A 21-year-old woman who 12 months ago was coping with the bombshell news that she was suffering from leukaemia has been given the all- clear.

Ellie Beynon, from Carleton, was diagnosed with the disease after spotting a bruise on her leg and was fast-tracked for treatment.

For ten months she had to cope with a line permanently in place from her chest to her neck to administer her drugs.

Ellie, who works at Fat Face in High Street, Skipton, was given a relatively new treatment based on arsenic.

She spent the early weeks at St James’s Hospital in Leeds on the young adults’ ward and made many friends.

Tragically, she saw one of her closest friends die of the disease following a relapse.

“It was very sad. Quite a few friends relapsed so it makes you think.

“This whole thing feels really strange – as if it hasn’t happened to me but in a film. I’m a bit paranoid about getting bruises but it should ease in time. I realise I’m OK.

“At first I felt fine, but the longer it went on, the more poorly I was. I was feeling pretty rough at the end but not as much as those people having chemotherapy.”

She is immensely grateful for the support of her family and friends and to her bosses at Fat Face, who accommodated her needs in terms of release from work for treatment throughout the period.

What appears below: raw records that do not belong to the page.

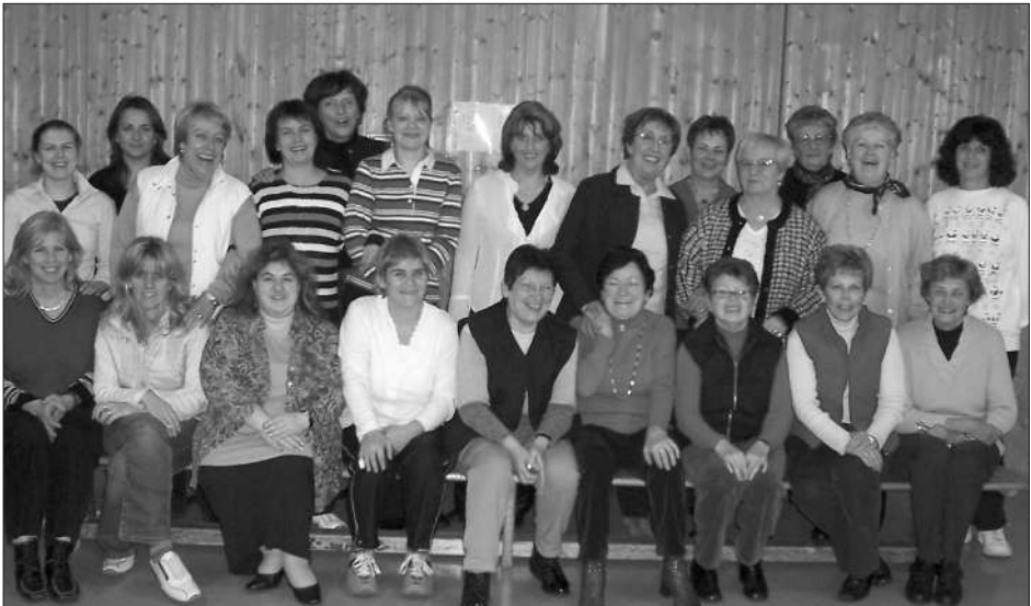
Unten: Gruppenbild mit vielen Damen. Unsere Gymnastikabteilung versteht zu feiern.
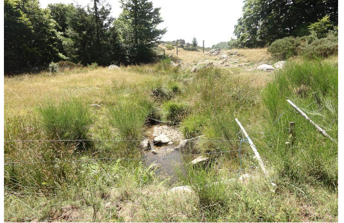
Le ruisseau du Garel et des bordures humides pâturées., le 03/08/2017 par Jean-Laurent Hentz.
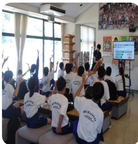
↑写真から伝わりにくいかもですが・・・主事緊張してます・・・少々・・・

5月29日（金）に瑞穂中学校の1年生が校外学習で1日かけて布施、高原、出羽、田所の各公民館を歩いて訪問されました。 お昼過ぎに出羽公民館にも来られて、主事から出羽地域のお祭りやイベントや久喜銀山、瑞穂中学校と出羽公民館との関わりなどをクイズ形式などでお話をさせていただきました。 クイズに答えながら出羽地区の事を学ばれていました。 長い道のりだったと思いますが、友達と励まし合いながら協力して歩き切ることが出来たそうです！ これからも協力しながら、楽しい中学校生活を送っていただきたいと思いました。 また瑞穂地域のイベントや行事に参加したり、出羽公民館へ気楽に来て頂けると嬉しいです！
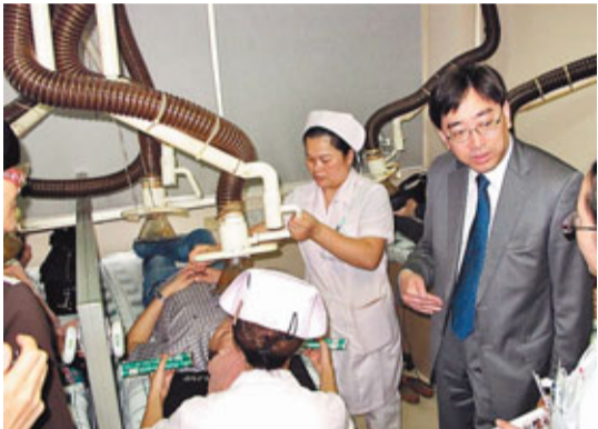
■高永文今日下午參觀廣東省中醫院,親身了解該中醫院的運作。

高永文等人昨日與廣東省衛生廳及廣東檢驗檢疫局高層會晤,雙方在食品安全管理、傳染病防控、醫院管理、中藥服務貿易、落實CEPA協議以及過境貨物的檢驗檢疫等6方面深入交流,在肯定兩地

And at her side during the year-long ordeal was boyfriend David Brame, also from Carleton, who at the time was a trainee at the army officer training college, Sandhurst.

He is now a serving second lieutenant with the 4th Artillery regiment in Kenya.

Ellie said: “Everything has gone so quickly. I had a party to acknowledge I had been given the all clear but I didn’t want to make a song and dance about it.”

But friends at The Swan Inn, Carleton, were so happy at her recovery they held a fundraiser for the ward where she spent the first 12 weeks. Last year, they held a similar fundraiser.